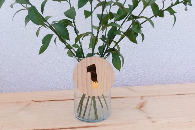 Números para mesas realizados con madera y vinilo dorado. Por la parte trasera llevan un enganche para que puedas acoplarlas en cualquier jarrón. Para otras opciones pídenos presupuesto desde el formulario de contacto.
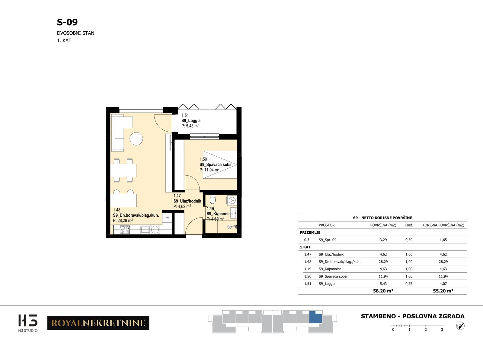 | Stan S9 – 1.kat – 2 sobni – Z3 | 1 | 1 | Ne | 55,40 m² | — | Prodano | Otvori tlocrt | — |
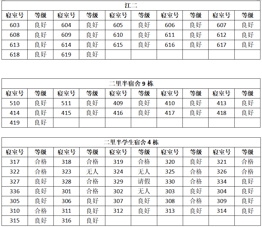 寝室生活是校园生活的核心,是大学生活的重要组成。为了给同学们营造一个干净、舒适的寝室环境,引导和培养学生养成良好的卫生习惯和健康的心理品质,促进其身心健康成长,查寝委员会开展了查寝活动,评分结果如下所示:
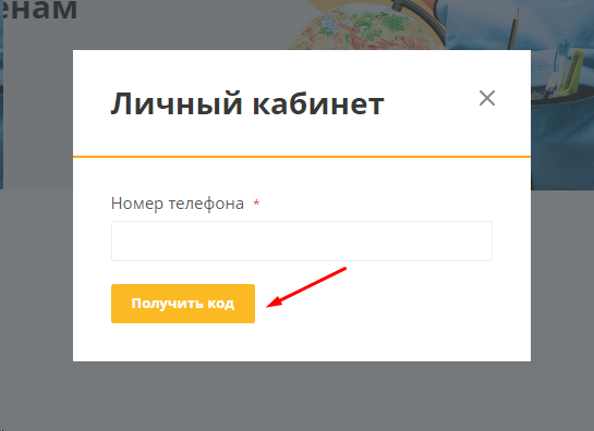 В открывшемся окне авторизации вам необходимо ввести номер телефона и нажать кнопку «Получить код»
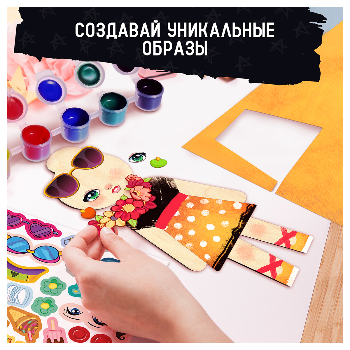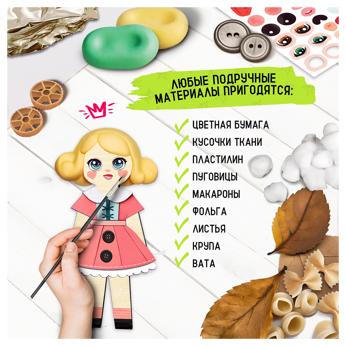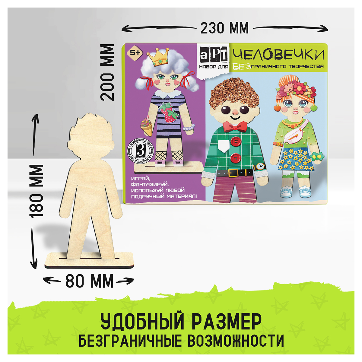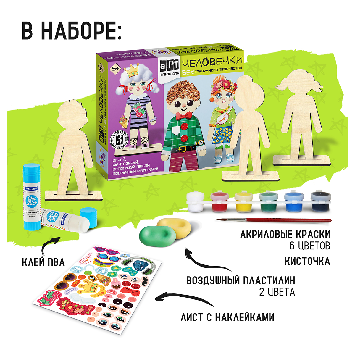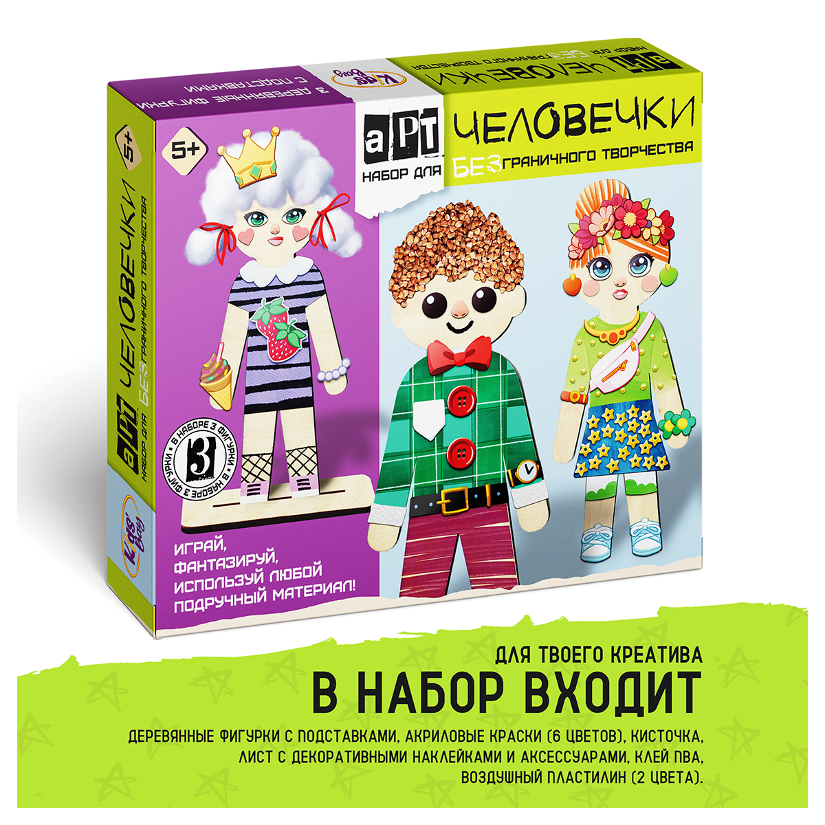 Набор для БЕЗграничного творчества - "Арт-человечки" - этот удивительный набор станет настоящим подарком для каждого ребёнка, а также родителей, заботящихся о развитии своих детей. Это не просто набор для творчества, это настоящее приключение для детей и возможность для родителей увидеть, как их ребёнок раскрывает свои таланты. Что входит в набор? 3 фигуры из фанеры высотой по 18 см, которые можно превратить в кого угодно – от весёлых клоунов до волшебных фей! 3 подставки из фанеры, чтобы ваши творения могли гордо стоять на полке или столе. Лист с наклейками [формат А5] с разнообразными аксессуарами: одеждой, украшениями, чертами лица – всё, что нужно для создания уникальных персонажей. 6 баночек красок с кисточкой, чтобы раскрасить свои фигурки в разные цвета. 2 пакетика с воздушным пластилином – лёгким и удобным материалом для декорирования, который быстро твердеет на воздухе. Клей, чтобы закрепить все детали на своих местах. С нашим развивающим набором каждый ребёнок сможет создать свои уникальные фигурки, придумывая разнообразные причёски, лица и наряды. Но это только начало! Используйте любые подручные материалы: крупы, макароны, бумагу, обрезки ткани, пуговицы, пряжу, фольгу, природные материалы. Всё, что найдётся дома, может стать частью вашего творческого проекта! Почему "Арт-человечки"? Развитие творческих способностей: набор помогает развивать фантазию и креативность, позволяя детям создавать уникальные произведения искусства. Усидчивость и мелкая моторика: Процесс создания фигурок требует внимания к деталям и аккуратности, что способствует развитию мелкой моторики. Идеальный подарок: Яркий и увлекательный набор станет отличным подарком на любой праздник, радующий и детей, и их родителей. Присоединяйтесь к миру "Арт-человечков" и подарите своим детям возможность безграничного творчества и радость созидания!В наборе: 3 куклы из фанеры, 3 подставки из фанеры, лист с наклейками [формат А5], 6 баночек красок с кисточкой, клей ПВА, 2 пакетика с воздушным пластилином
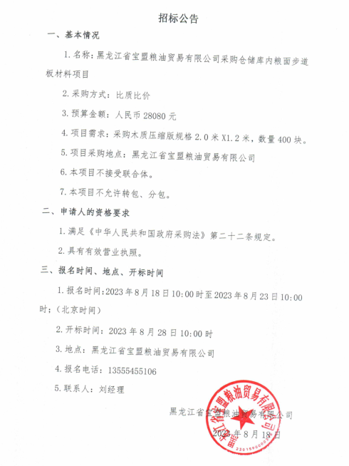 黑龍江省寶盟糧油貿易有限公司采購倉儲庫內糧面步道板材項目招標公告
........
**Exercise**. Return all records exactly; no pictures.

**Reply**.
 Números para mesas realizados con madera y vinilo dorado. Por la parte trasera llevan un enganche para que puedas acoplarlas en cualquier jarrón. Para otras opciones pídenos presupuesto desde el formulario de contacto.
 | Stan S9 – 1.kat – 2 sobni – Z3 | 1 | 1 | Ne | 55,40 m² | — | Prodano | Otvori tlocrt | — |
 寝室生活是校园生活的核心,是大学生活的重要组成。为了给同学们营造一个干净、舒适的寝室环境,引导和培养学生养成良好的卫生习惯和健康的心理品质,促进其身心健康成长,查寝委员会开展了查寝活动,评分结果如下所示:
 В открывшемся окне авторизации вам необходимо ввести номер телефона и нажать кнопку «Получить код»
 Набор для БЕЗграничного творчества - "Арт-человечки" - этот удивительный набор станет настоящим подарком для каждого ребёнка, а также родителей, заботящихся о развитии своих детей. Это не просто набор для творчества, это настоящее приключение для детей и возможность для родителей увидеть, как их ребёнок раскрывает свои таланты. Что входит в набор? 3 фигуры из фанеры высотой по 18 см, которые можно превратить в кого угодно – от весёлых клоунов до волшебных фей! 3 подставки из фанеры, чтобы ваши творения могли гордо стоять на полке или столе. Лист с наклейками [формат А5] с разнообразными аксессуарами: одеждой, украшениями, чертами лица – всё, что нужно для создания уникальных персонажей. 6 баночек красок с кисточкой, чтобы раскрасить свои фигурки в разные цвета. 2 пакетика с воздушным пластилином – лёгким и удобным материалом для декорирования, который быстро твердеет на воздухе. Клей, чтобы закрепить все детали на своих местах. С нашим развивающим набором каждый ребёнок сможет создать свои уникальные фигурки, придумывая разнообразные причёски, лица и наряды. Но это только начало! Используйте любые подручные материалы: крупы, макароны, бумагу, обрезки ткани, пуговицы, пряжу, фольгу, природные материалы. Всё, что найдётся дома, может стать частью вашего творческого проекта! Почему "Арт-человечки"? Развитие творческих способностей: набор помогает развивать фантазию и креативность, позволяя детям создавать уникальные произведения искусства. Усидчивость и мелкая моторика: Процесс создания фигурок требует внимания к деталям и аккуратности, что способствует развитию мелкой моторики. Идеальный подарок: Яркий и увлекательный набор станет отличным подарком на любой праздник, радующий и детей, и их родителей. Присоединяйтесь к миру "Арт-человечков" и подарите своим детям возможность безграничного творчества и радость созидания!В наборе: 3 куклы из фанеры, 3 подставки из фанеры, лист с наклейками [формат А5], 6 баночек красок с кисточкой, клей ПВА, 2 пакетика с воздушным пластилином
 黑龍江省寶盟糧油貿易有限公司采購倉儲庫內糧面步道板材項目招標公告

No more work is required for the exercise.